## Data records
# # # # # # #
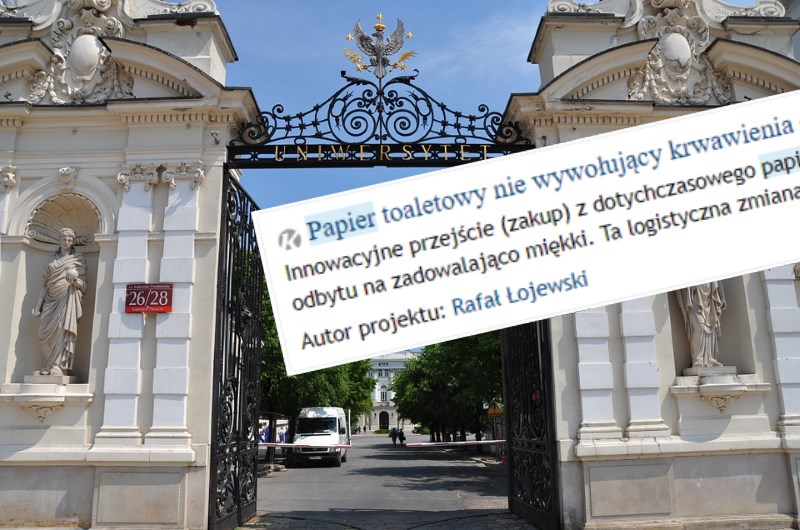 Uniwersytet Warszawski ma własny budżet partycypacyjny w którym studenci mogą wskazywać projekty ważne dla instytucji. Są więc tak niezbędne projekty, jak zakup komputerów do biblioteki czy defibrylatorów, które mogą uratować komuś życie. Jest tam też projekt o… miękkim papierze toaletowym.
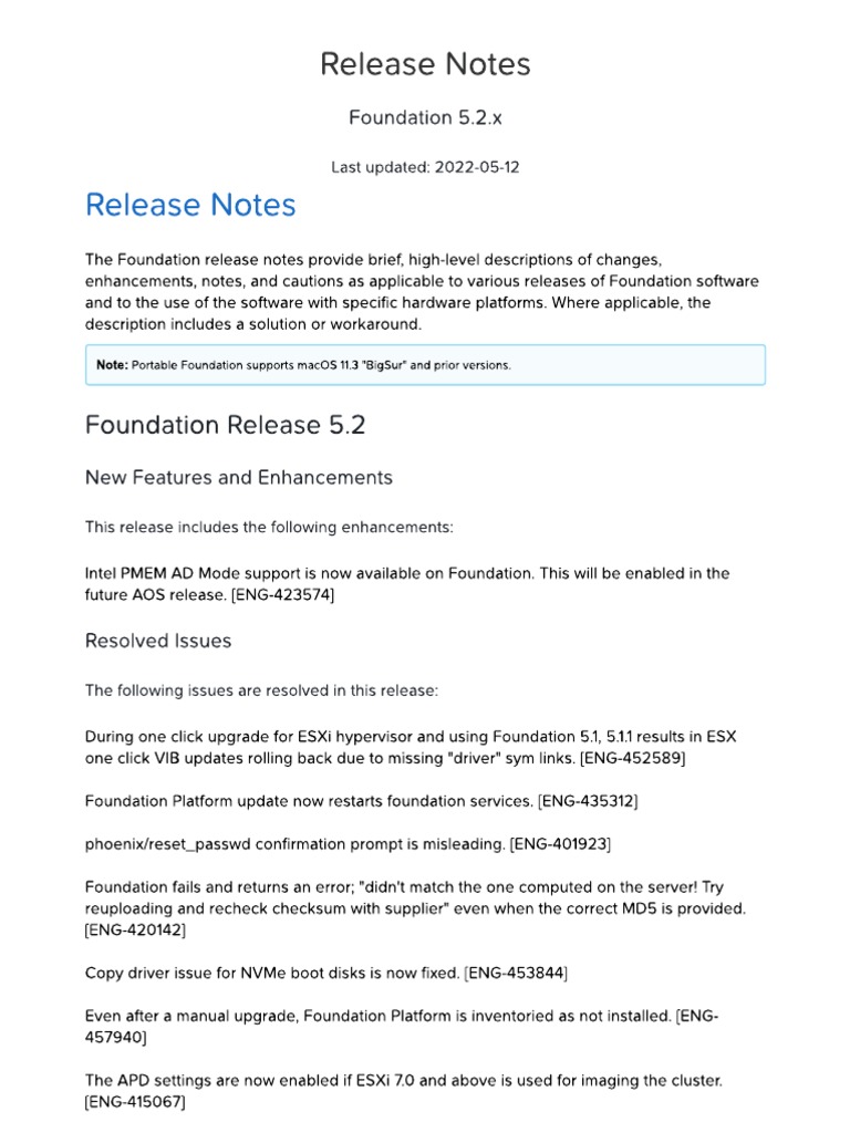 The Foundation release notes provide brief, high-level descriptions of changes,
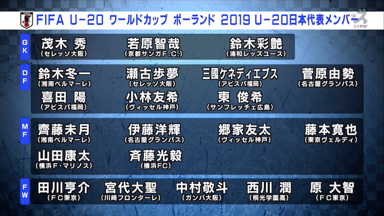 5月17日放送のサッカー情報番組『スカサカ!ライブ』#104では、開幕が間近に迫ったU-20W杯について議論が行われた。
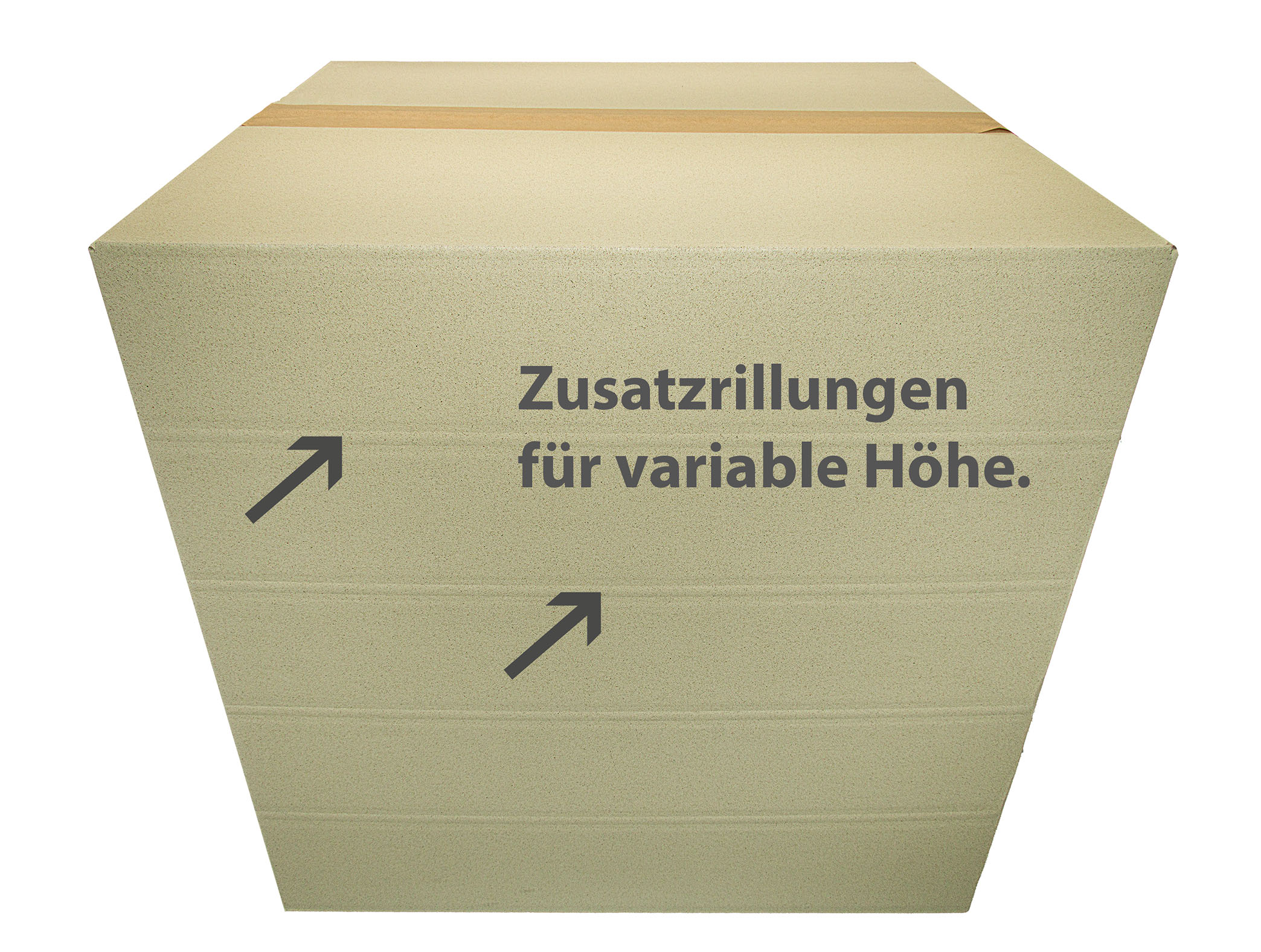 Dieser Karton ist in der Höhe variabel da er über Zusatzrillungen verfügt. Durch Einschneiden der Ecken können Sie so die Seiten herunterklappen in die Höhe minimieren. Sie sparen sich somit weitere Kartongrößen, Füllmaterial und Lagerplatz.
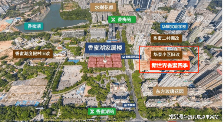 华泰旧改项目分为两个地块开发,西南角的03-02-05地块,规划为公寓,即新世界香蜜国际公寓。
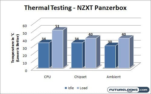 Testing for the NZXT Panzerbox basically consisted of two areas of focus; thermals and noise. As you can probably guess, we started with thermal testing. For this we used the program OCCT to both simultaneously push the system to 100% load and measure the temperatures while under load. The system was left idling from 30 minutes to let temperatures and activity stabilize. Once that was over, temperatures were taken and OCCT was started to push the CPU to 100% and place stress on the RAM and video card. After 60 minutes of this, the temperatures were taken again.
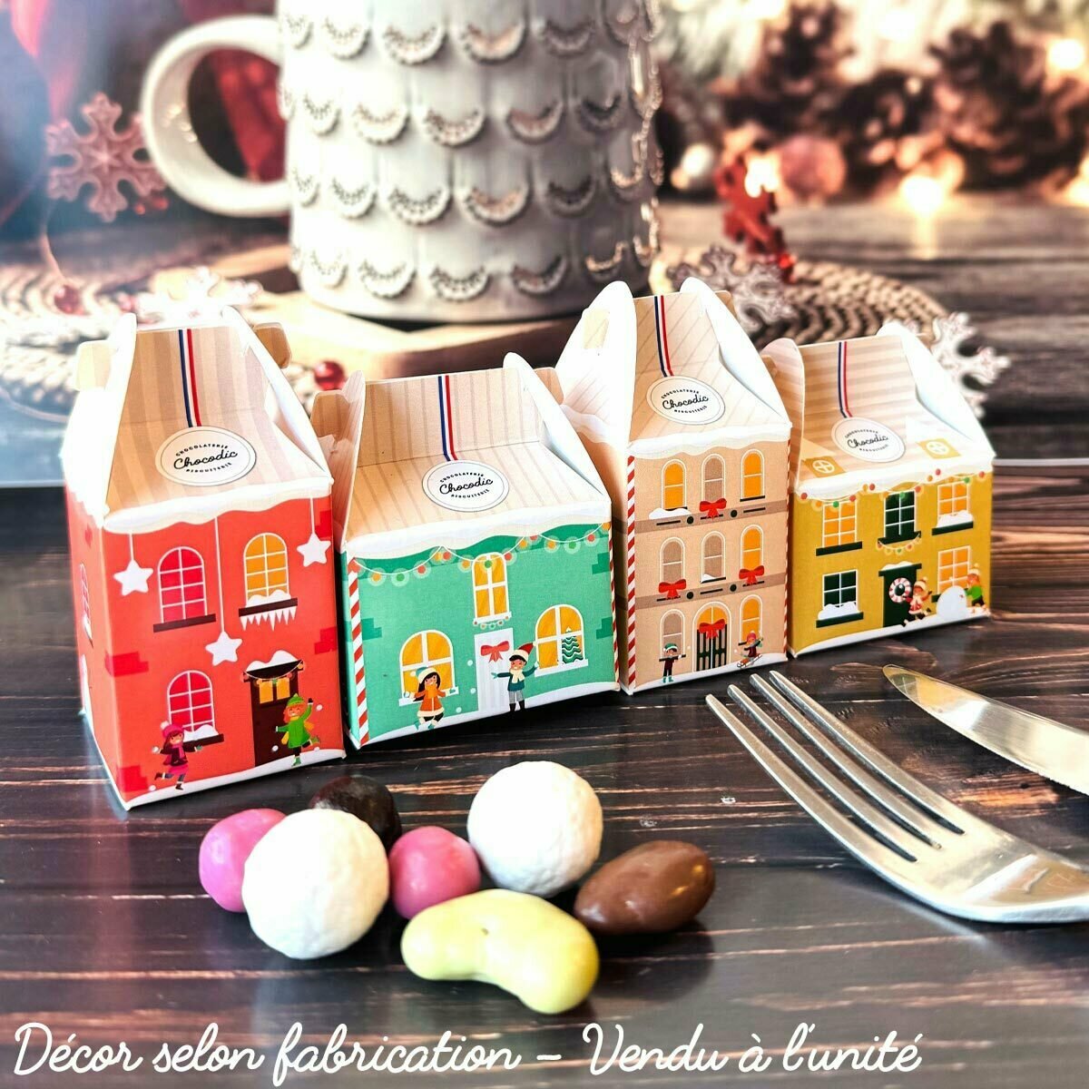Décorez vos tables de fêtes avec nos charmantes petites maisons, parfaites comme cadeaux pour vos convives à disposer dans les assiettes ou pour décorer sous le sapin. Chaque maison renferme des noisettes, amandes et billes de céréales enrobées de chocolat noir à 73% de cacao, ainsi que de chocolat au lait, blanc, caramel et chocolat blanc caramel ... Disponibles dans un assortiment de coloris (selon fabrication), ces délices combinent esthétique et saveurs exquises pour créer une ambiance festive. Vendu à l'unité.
# # # # # # #
## ABOUT THIS TASK
Although the records above contain pictures, the copy should not; retype exactly the lines from the one containing "华泰旧改项目分为两个地块开发" through the one containing "Testing for the".

## EXERCISE OUTPUT
 华泰旧改项目分为两个地块开发,西南角的03-02-05地块,规划为公寓,即新世界香蜜国际公寓。
 Testing for the NZXT Panzerbox basically consisted of two areas of focus; thermals and noise. As you can probably guess, we started with thermal testing. For this we used the program OCCT to both simultaneously push the system to 100% load and measure the temperatures while under load. The system was left idling from 30 minutes to let temperatures and activity stabilize. Once that was over, temperatures were taken and OCCT was started to push the CPU to 100% and place stress on the RAM and video card. After 60 minutes of this, the temperatures were taken again.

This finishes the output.